WORK REQUEST:
Only the lines below from the one containing "Настроения рынка. Данный" through the one containing "Nos pregunta por" belong in the answer, repeated exactly and without pictures.

SOURCE DATA:
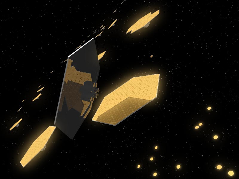 This picture shows many of the large 2km-diameter solar power stations, one
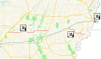 Arkansas Highway 38 (AR 38) is a designation for three state highways in Arkansas. One segment of 50.2 miles (80.8 km) runs from Interstate 57 (I-57) in Cabot east to U.S. Route 49 (US 49) south of Hunter.[2][3] A second segment of 21.47 miles (34.55 km) runs from I-40 north of Widener east to Highway 147 west of Horseshoe Lake.[4][5] A third segment of 0.8 miles (1.3 km) runs in West Memphis from US 70 north to I-40. All routes are maintained by the Arkansas State Highway and Transportation Department (AHTD).
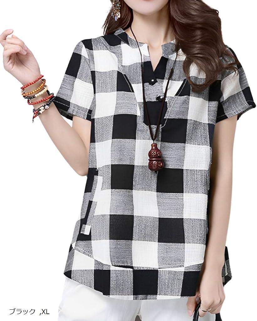 チェックシャツ スキッパーシャツ ノーカラー レディース 半袖 ブロックチェック柄 プルオーバー カジュアル 通勤 おしゃれ 綿100 (ブラック, XL)
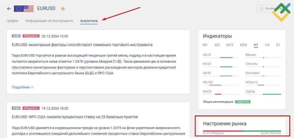 Настроения рынка. Данный индикатор показывает, какое количество сделок открыто в одну и другую сторону. Например, в торговой платформе LiteFinance этот индикатор можно найти для каждого актива в его описании. Значения формируются на основе агрегированных данных внутри системы брокера.
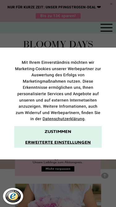 85%Versende jetzt frische, liebevoll arrangierte Blumen mit BLOOMY DAYS – ausgezeichnete Qualität & Frischegarantie für unvergessliche Momente.
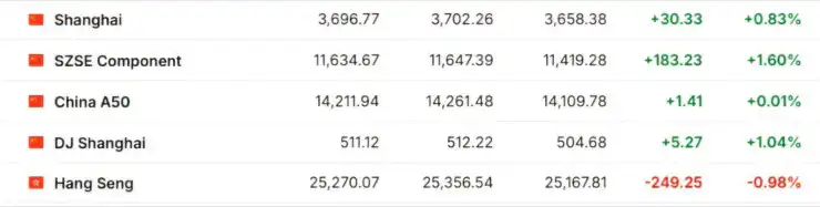 Китайские фондовые индексы также показывают рост, поддерживаемый новостями о ликвидности от Народного банка Китая и увеличении инвестиций в основные фонды. Индекс Shanghai Composite вырос на 0,83%, в то время как индекс Hang Seng снизился на 0,98%.
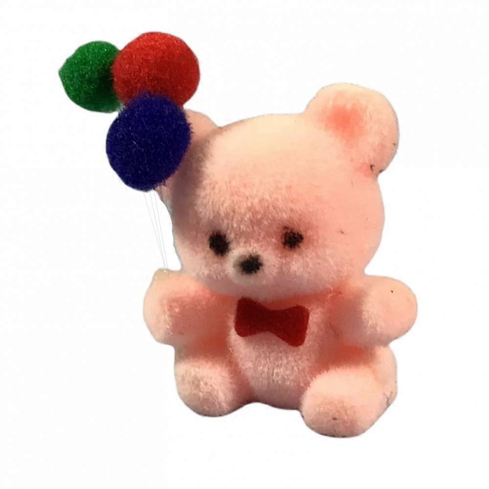 Dolls House Pink Flock Teddy Bear With Balloons 1:12 Toy Shop Nursery Accessory
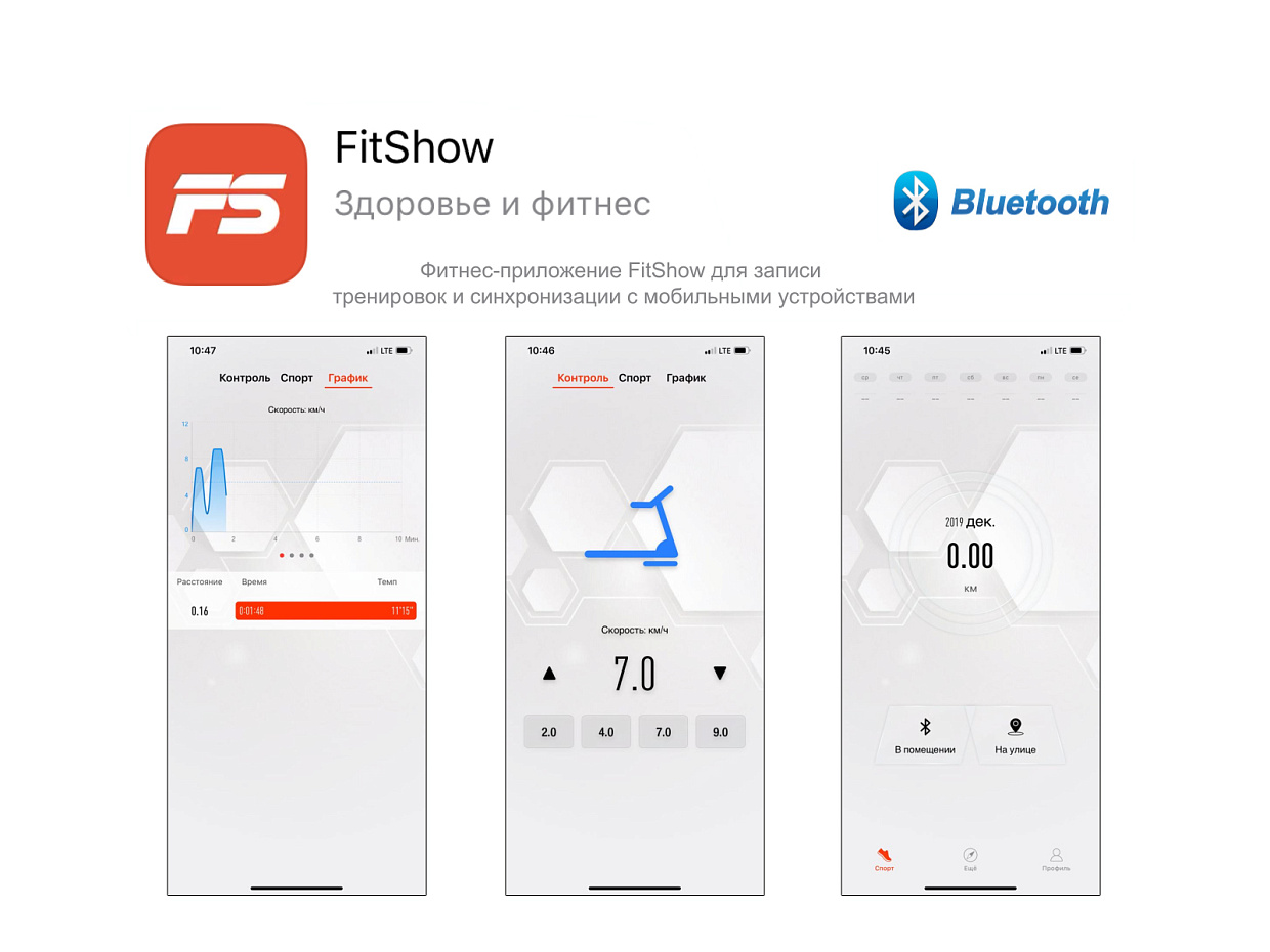 В комплектации присутствует опция управления беговой дорожкой и сохранения тренировок через приложения FitShow, Kinomap, ZWIFT, SPAX, FITLOG (подключение через Bluetooth).
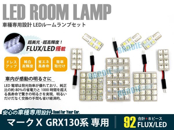 > GRX130系 マークX 8ピース 合計92ブロック発光 ルームランプ LED化 白発光 高輝度FLUXタイプ 一台分セット
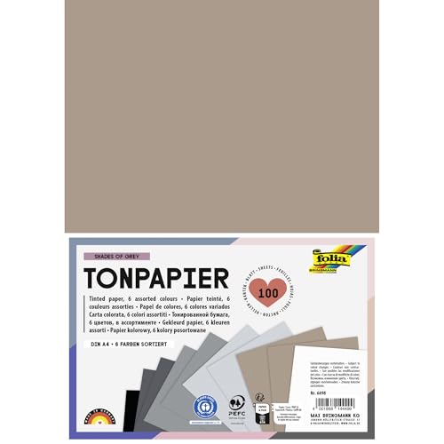 folia 6498-Papier SHADES OF GREY, DIN A4, bloc de 130 g/m² de papier d'argile, feuilles en 6 couleurs, pour bricoler, décorer et créer des objets, Paper, 100 Sheets
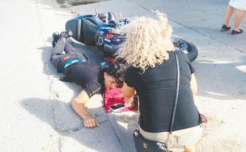 a pidi pa polis di trafico y ambulans. Locual a sosode ta cu un auto a bira dilanti di e brommer y e motociclista a bay dal riba dje y ela resulta herida y hasta cu su man a kibra.
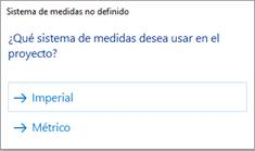 ![]() Nos pregunta por el sistema de medidas y seleccionamos métrico:
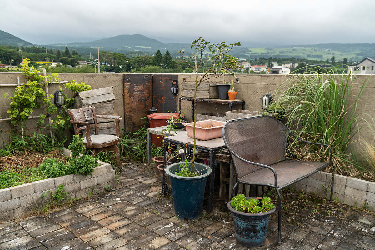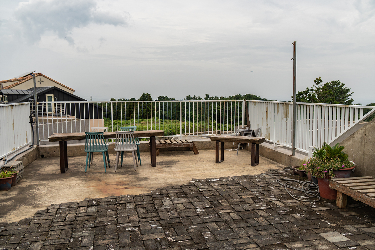제주 카페901 안쪽에 있는 문을 열고 계단을 따라 올라가면 한라산과 주변 풍경을 감상할 수 있는 루프탑이 있다. 사진을 찍을 수 있게 의자와 포토존이 설치되어 있었으나 이날은 비가 내려 아쉽게 예쁜 풍경을 담지 못했다.
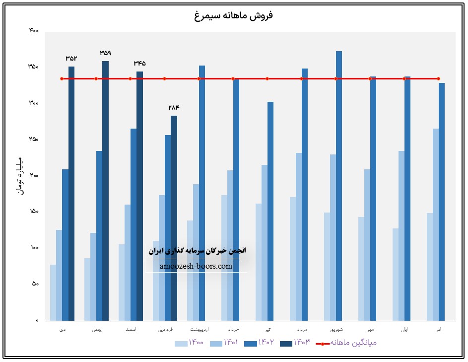 بر اساس عملکرد ماهانه شرکت سیمرغ ( سیمرغ ) در عملکرد منتهی به خرداد ماه سال 1403 مبلغ 345.7 میلیارد تومان را شناسایی نمود.
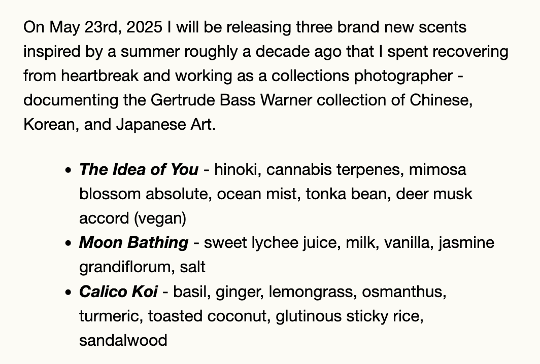 Cirrus! Our first returning brand. Cirrus and Odette are my two big favorites from my time spent sampling perfumes, but Cirrus is slightly more budget friendly and a bit more unpredictable in its scent profiles, so while I’ve been letting new Odette releases stack up until it feels worth it to pay for shipping, I’ve found staying up on Cirrus’s releases pretty easy.
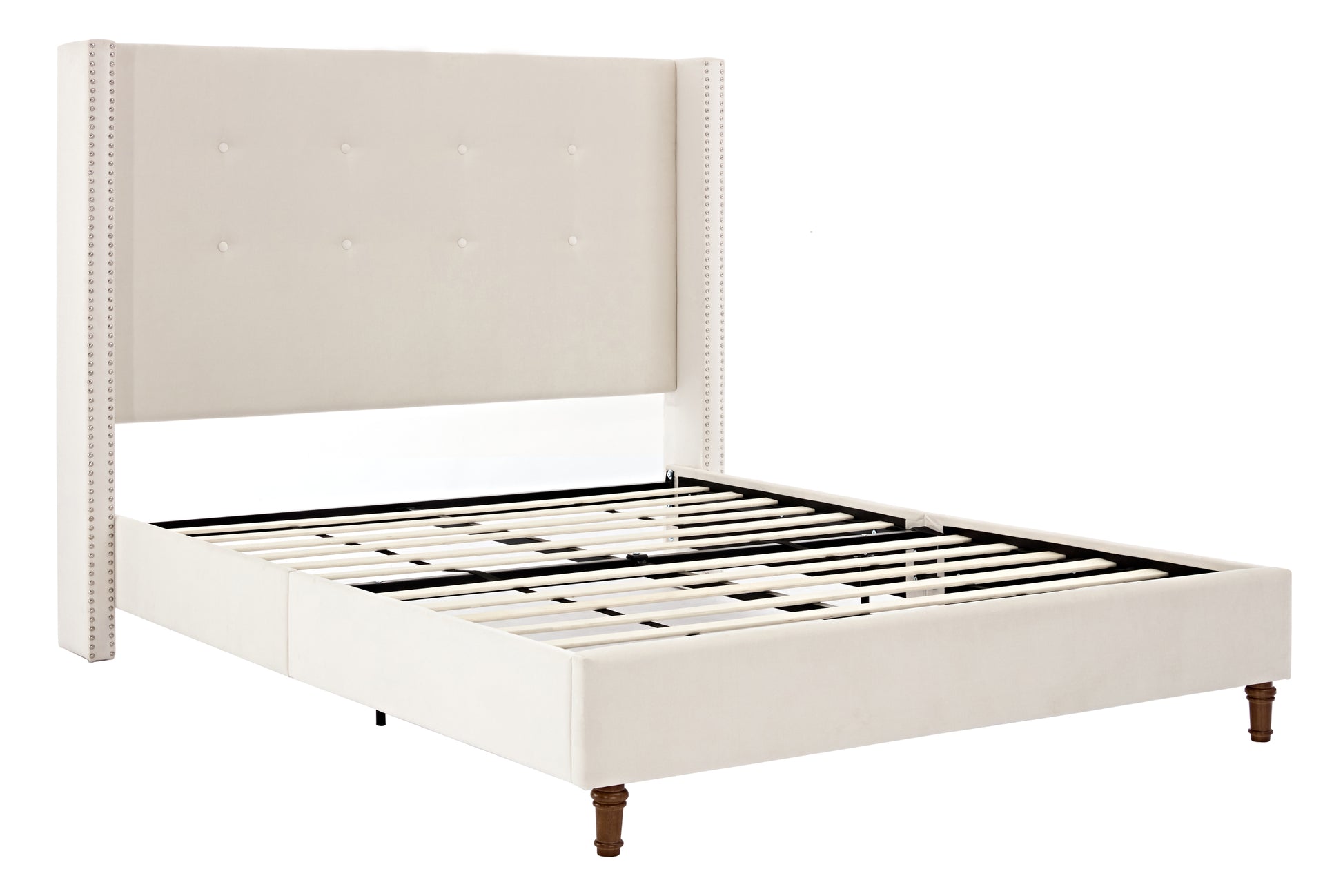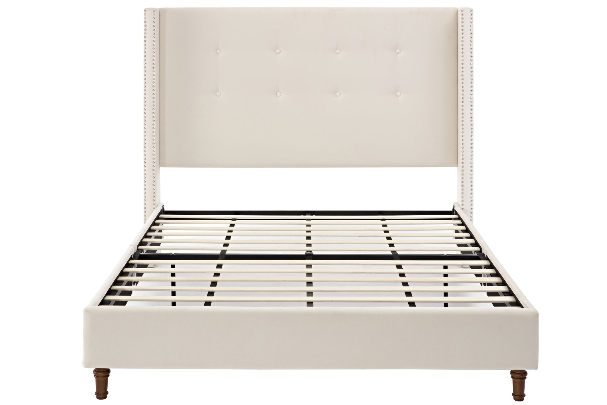 Peyton Upholstered Queen Bed 54" High Headboard Traditional Hand Buttoned Tufting Trim Wingback No Box Spring Needed Easy Assembly Ivory Velvet Box Spring Not Required Queen Ivory Brown Metal Bedroom Classic,European,Modern,Traditional Oak Bed Frame Foam
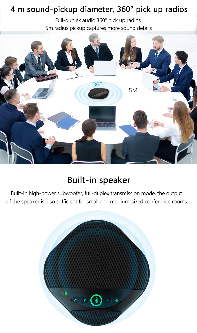 بلٹ ان ہائی فیڈیلیٹی آل پوائنٹنگ 360 ڈگری آڈیو پک اپ فراہم کرتی ہے۔
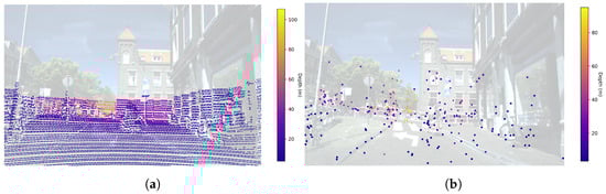 Comparison of a LiDAR point cloud (a) and 3+1D RADAR point cloud (b) projected to the image plane for an automotive scene of View of Delft dataset.

RESULT FOR THIS TASK:
 Настроения рынка. Данный индикатор показывает, какое количество сделок открыто в одну и другую сторону. Например, в торговой платформе LiteFinance этот индикатор можно найти для каждого актива в его описании. Значения формируются на основе агрегированных данных внутри системы брокера.
 85%Versende jetzt frische, liebevoll arrangierte Blumen mit BLOOMY DAYS – ausgezeichnete Qualität & Frischegarantie für unvergessliche Momente.
 Китайские фондовые индексы также показывают рост, поддерживаемый новостями о ликвидности от Народного банка Китая и увеличении инвестиций в основные фонды. Индекс Shanghai Composite вырос на 0,83%, в то время как индекс Hang Seng снизился на 0,98%.
 Dolls House Pink Flock Teddy Bear With Balloons 1:12 Toy Shop Nursery Accessory
 В комплектации присутствует опция управления беговой дорожкой и сохранения тренировок через приложения FitShow, Kinomap, ZWIFT, SPAX, FITLOG (подключение через Bluetooth).
 > GRX130系 マークX 8ピース 合計92ブロック発光 ルームランプ LED化 白発光 高輝度FLUXタイプ 一台分セット
 folia 6498-Papier SHADES OF GREY, DIN A4, bloc de 130 g/m² de papier d'argile, feuilles en 6 couleurs, pour bricoler, décorer et créer des objets, Paper, 100 Sheets
 a pidi pa polis di trafico y ambulans. Locual a sosode ta cu un auto a bira dilanti di e brommer y e motociclista a bay dal riba dje y ela resulta herida y hasta cu su man a kibra.
 ![]() Nos pregunta por el sistema de medidas y seleccionamos métrico:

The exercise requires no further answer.